SAGE: Semantic Geospatial Analytics

Data integration is one of the main barriers to harnessing the full power of data in companies. Business-relevant data can be distributed across thousands of data silos in different formats in large companies. For companies driven by geospatial data (e.g., disaster management, automobile), the knowledge to be managed accounts for billions of rapidly changing facts (Big Data). Developing dedicated solutions for managing such large amounts of geospatial data is of central importance to improve the efficiency and effectiveness of data delivery for business-critical applications. However, dealing with geospatial data demands specific solutions for dealing with their intrinsic complexity (up to 5 dimensions) and the rapid changes in the data.

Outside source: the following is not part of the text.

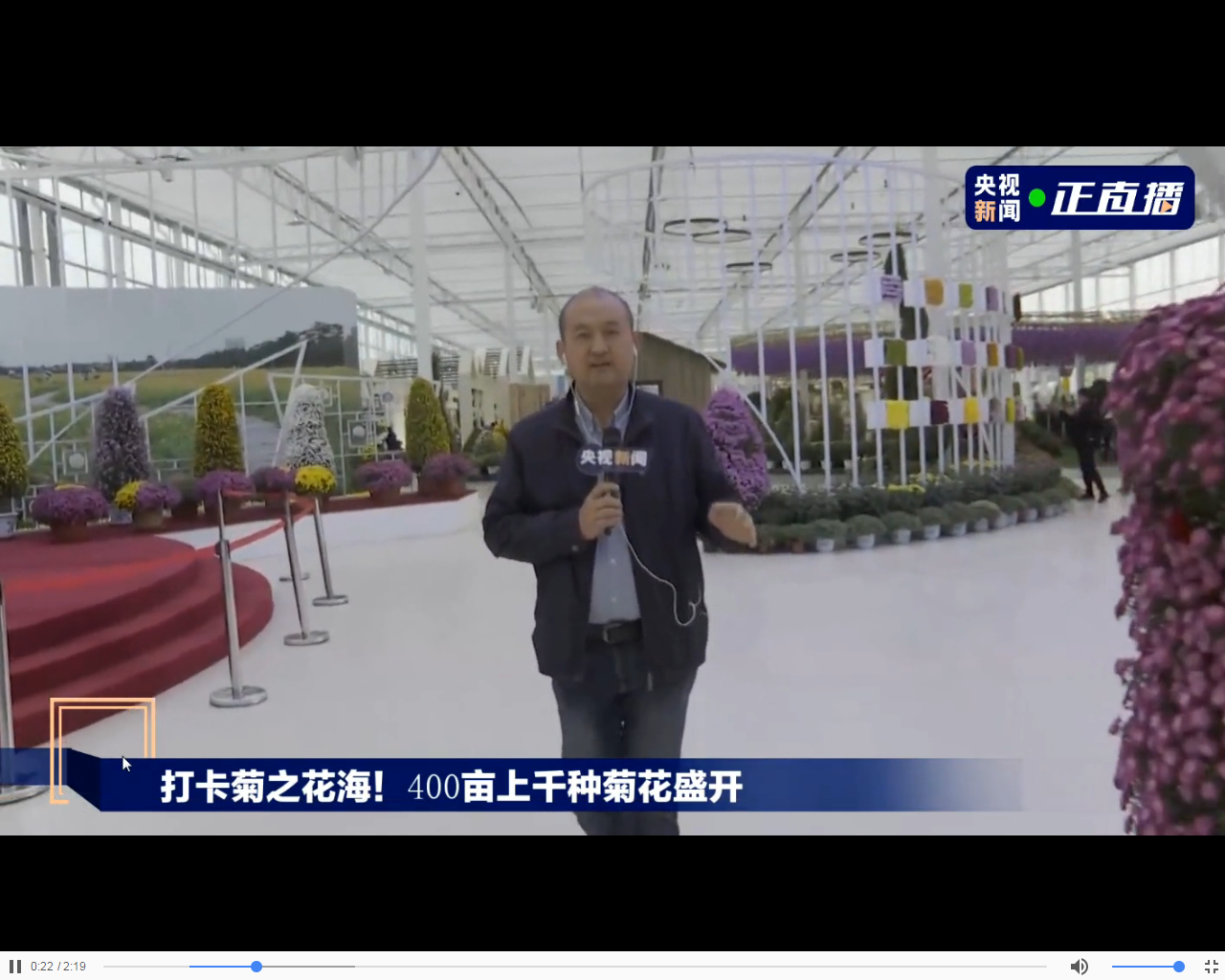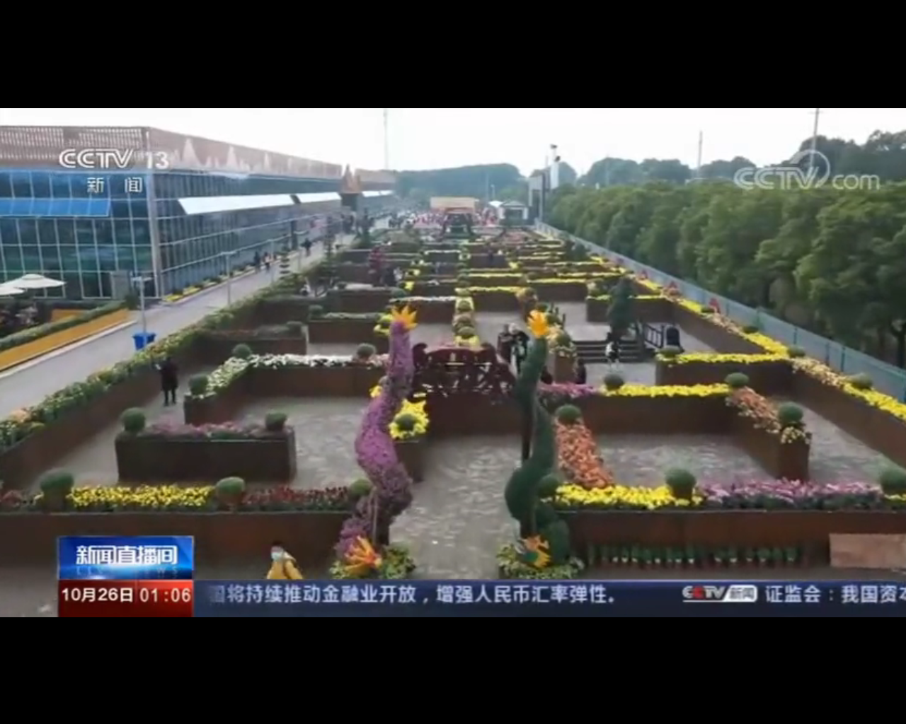 10月26日中央电视台CCTV-4 中文国际频道、CCTV-13 新闻频道及10月21日央视新闻网络直播分别报道了湖熟菊花研发展示基地菊花展的盛况, 1600多个菊花品种在400亩展示基地悄然绽放,吸引了各地的行业人士及市民的观摩、游览。基地目前已建成世界上最大的菊花基因库,保存了5000多份菊花资源、3000多个品种,基地自2012年建成运行以来,当地政府依托团队在菊花种质资源搜集、保存和新品种选育及菊花产业技术开发领域的优势已成功联续举办了八届菊展。湖熟菊花展的知名度、影响力逐渐扩大,已经成为江苏乃至全国花卉一二三产融合的一张金名片。在2019年第七届湖熟菊花展一个月期间,接待游客60万人次,共带动当地旅游、餐饮、零售、民宿等“菊花经济”达8000万元。当地政府预计,今年的一朵菊花综合带动的“菊花经济”在疫情之后依然呈逆势而上的趋势。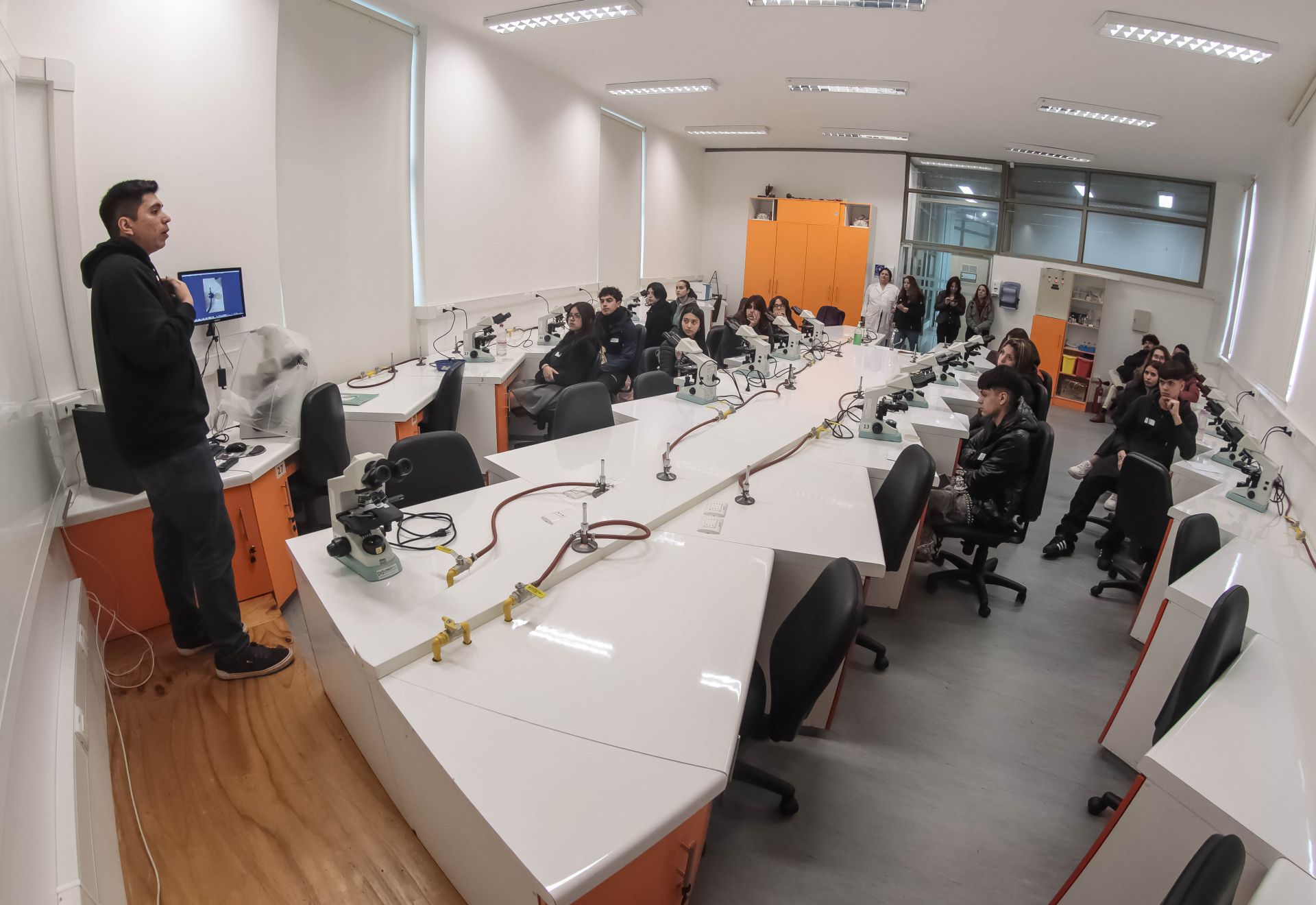 La actividad, que convocó a jóvenes de 16 establecimientos educacionales públicos, puso énfasis en la experiencia práctica y en la entrega de información, que contempló la visita a los centros de Micro Bioinnovación (CMBi) y de Análisis Nutricional (CAN), como también a los laboratorios de Microbiología, Microscopia, del Estado Nutricional (LABEEN) y de Ciencias de los Alimentos, donde realizaron un taller de preparación de alimentos saludables.

SAGE addresses exactly this challenge by aiming to develop dedicated algorithms for the management of big geospatial data. We will develop time-efficient storage and querying strategies for geospatial data by extending the GeoSPARQL standard so as to deal with continuous queries. A time-efficient knowledge extraction framework dedicated to recognizing geospatial entities will also be developed. In addition, we will focus on developing scalable link discovery approaches for streams of RDF data that will interplay with the storage solution while running on distributed solutions such as FLINK.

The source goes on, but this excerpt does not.